Targeting IA-32 Architecture Processors for Run-time Performance Checking

The -ax (Linux* and Mac OS* X) or /Qax (Windows*) option instructs the compiler to determine if opportunities exist to generate multiple, specialized code paths to take advantage of performance gains and features available on newer Intel® processors based on IA-32 and Intel® 64 architectures. The option also instructs the compiler to generate a generic code path that should allow the same application to run on a larger number of processors; however, the generic code is usually slower than the specialized code.

The compiler inserts run-time checking code to help determine which version of the code to execute. The size of the compiled binary increases because it contains both a processor-specific version of some of the code and a generic version of all code. Application performance is affected slightly due to the run-time checks needed to determine which code to use. The code path executed depends strictly on the processor detected at run time.

Processor support for the generic code path is determined by the architecture specified in the -x (Linux and Mac OS X) or /Qx (Windows) option, which has default architecture values. You can easily increase minimum architecture for the generic code path above the default level, but you cannot specify a value less than the default. The generic code will not operate correctly on processors that are not compatible with the minimum architecture specified in the x option.
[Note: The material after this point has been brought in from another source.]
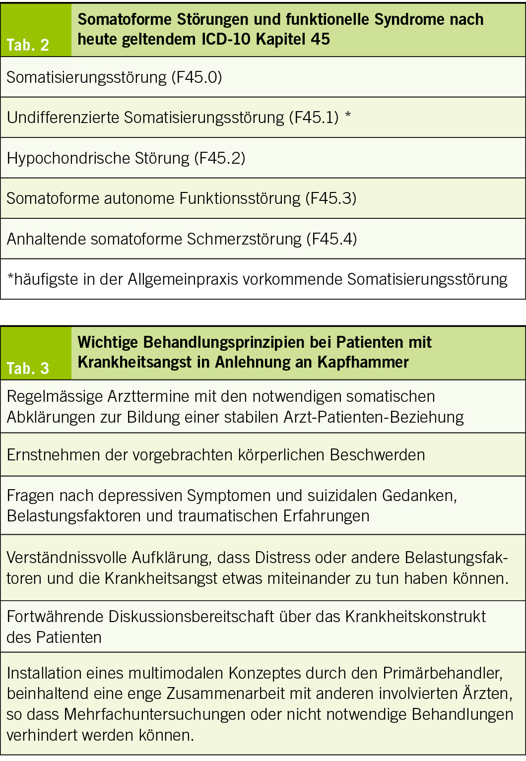 Die Grundversorgung von Patienten mit Krankheitsangst erfolgt durch den Hausarzt oder den somatischen Facharzt. Dabei hilfreich ist die «Sowohl-als-auch-Perspektive», die somatische und psychosoziale Krankheitsaspekte berücksichtigt. Die sorgfältige Befragung sowie das aufmerksame Zuhören und Nachfragen auch während der körperlichen Untersuchung festigen die Arzt-Patienten-Beziehung. Diagnostische Wachsamkeit (Visionsfähigkeit) bei gleichzeitig diagnostischer Zurückhaltung sowie Empathie führen zu einer grösseren Behandlungszufriedenheit und damit zu einem günstigeren Verlauf und einer verbesserten Prognose. Der Ausschluss von somatischen Ursachen erfolgt über die körperliche Untersuchung (EKG, Routinelabor inkl. Schilddrüsenhormonbestimmung), oft sind jedoch weitere fachärztliche Abklärungen notwendig und sinnvoll, die eine zumindest intermittierende Beruhigung des Patienten bewirken können. Patienten mit Krankheitsangst durchlaufen lange Krankheitsphasen, damit verbunden ist meist eine lange Behandlungsodyssee. Sie finden nicht einfach durch gutgemeinte medizinische Ratschläge in die Gesundheit zurück. Hypochondrische Patienten sind auch keine Simulanten, doch erleben sie sich oft als solche bewertet. Aussagen wie «Sie haben nichts», «Sie sind kerngesund» oder «Schauen Sie einfach nicht mehr im Internet nach» können bei ihnen nicht zum Behandlungsziel führen, sondern nur im Vertrauensverlust gegenüber dem Arzt enden.

Optimizations in the specialized code paths can include generating and using Intel® Streaming SIMD Extensions 4 (SSE4), Supplemental Streaming SIMD Extensions 3 (SSSE3), Streaming SIMD Extensions 3 (SSE3), Streaming SIMD Extensions 2 (SSE2), or Streaming SIMD Extensions (SSE) instructions for supported processors; however, the instructions are executed on the processor only after run-time checking verifies the instruction sets are supported.
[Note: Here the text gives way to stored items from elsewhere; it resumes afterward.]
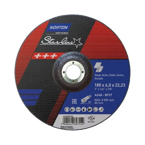 Norton Starline przedstawia kompletną i korzystną ofertę dla wszystkich zastosowań związanych z obróbką metali, z pełną gamą rozmiarów przeznaczoną dla szlifierek kątowych. Zapewnia dobre tempo usuwania materiału, szybkie cięcie, zmniejszony poziom drgań gwarantujący komfortową pracę oraz stałą wydajność dla uzyskania lepszej jakości części.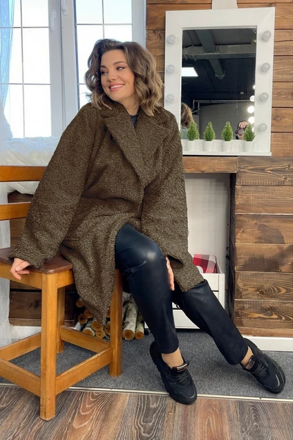 Кардиган женский двухбортный без подкладки из двухсторонней трикотажной ткани.Силуэт прямой ,слегка заужен к низу.По переду расположены нагрудные вытачки, накладные карманы. Рукав прямой,спущенный. Вырез горловины оформлен воротником и лацканом. Кардиган застегивается на кнопки. Внутренние швы не обработаны перед ноской,рекомендуем пройти роликом изнанку ( роликом для чистки одежды).Ткань в процессе носки не растягивается и не трескается под воздействием влаги и низкой температуры.длина по спинке -98 ±1 см.длина рукава от крайней точки у основания шеи - 80см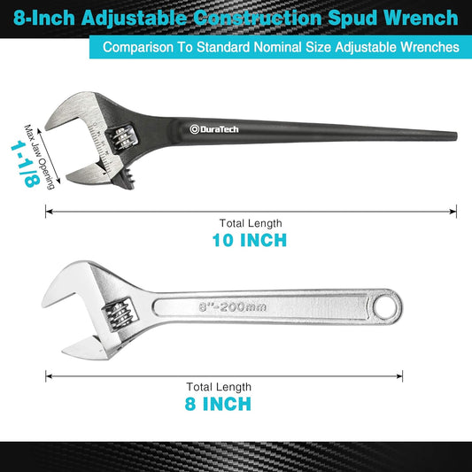 8-Inch DURATECH Spud Wrench with Adjustable Design, Black Oxide Finish, CR-V Steel, SAE and Metric Scale, Alignment Holes, Tail Crowbar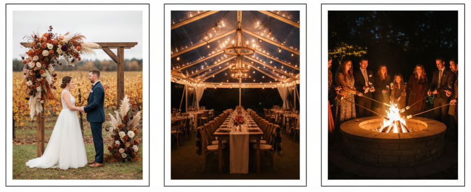 Comfort is mostly about warmth and planning. Offer blankets at the ceremony, use heaters or fire pits when allowed, and make warm drinks available during cocktail hour and later in the evening. Lighting also matters, since earlier sunsets can make outdoor spaces feel chilly unless they’re well lit.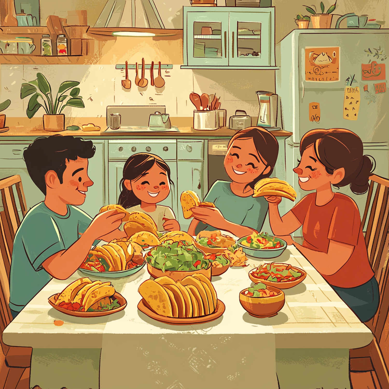 A family of four enjoys a taco meal in a cozy kitchen, surrounded by laughter and warmth. Light blue cabinets and plants add charm.

If not indicated otherwise, the following processor values are valid for IA-32 and Intel® 64 architectures.

Linux and Mac OS X

Windows

Description

-axS

/QaxS

Can generate specialized code path using SSE4 Vectorizing Compiler and Media Accelerators instructions for future Intel processors that support the instruction set and can optimize for the architecture.

Mac OS X: IA-32 architectures only.

-axT

/QaxT

Can generate specialized code path for SSSE3, SSE3, SSE2, and SSE instructions for Intel processors and optimize for the Intel® Core™2 Duo processor family.
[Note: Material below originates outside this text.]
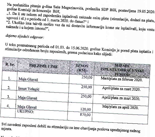 Ova komisija ništa ne radi ni u normalnim okolnostima, tako da nije jasno zbog čega su isplaćivane stimulacije za dvoje njenih uposlenika u martu i aprilu, a u zvaničnom obrazloženju navedeno je da su ih dobili zbog “obavljanja poslova upražnjenog radnog mjesta”.

Mac OS X: IA-32 and Intel® 64 architectures.

-axP

/QaxP

Can generate specialized code path for SSE3, SSE2, and SSE instructions for Intel processors and optimize for Intel processors based on Intel® Core™ microarchitecture and Intel Netburst® microarchitecture.

Mac OS X: IA-32 and Intel® 64 architectures.

-axB

/QaxB

Deprecated. Can generate specialized code path for SSE2 and SSE instructions for Intel processors and optimize for Intel® Pentium® M processors.

If this is the first time using this value consider using the N or W values instead.

Linux and Windows: IA-32 architectures only.

-axN

/QaxN

Can generate specialized code path for SSE2 and SSE instructions for Intel processors and optimize for Pentium® 4 processors and Intel® Xeon® processors with SSE2.

Linux and Windows: IA-32 architectures only.

-axW

/QaxW

Can generate specialized code path for SSE2 and SSE instructions for Intel processors and optimize for Intel Pentium® 4 processors and Intel® Xeon® processors with SSE2.

Minimum value for Intel® 64 architectures.

-axK

/QaxK

Can generate specialized code path for SSE instructions for Intel processors and optimize for Intel® Pentium® III and Intel Pentium® III Xeon® processors.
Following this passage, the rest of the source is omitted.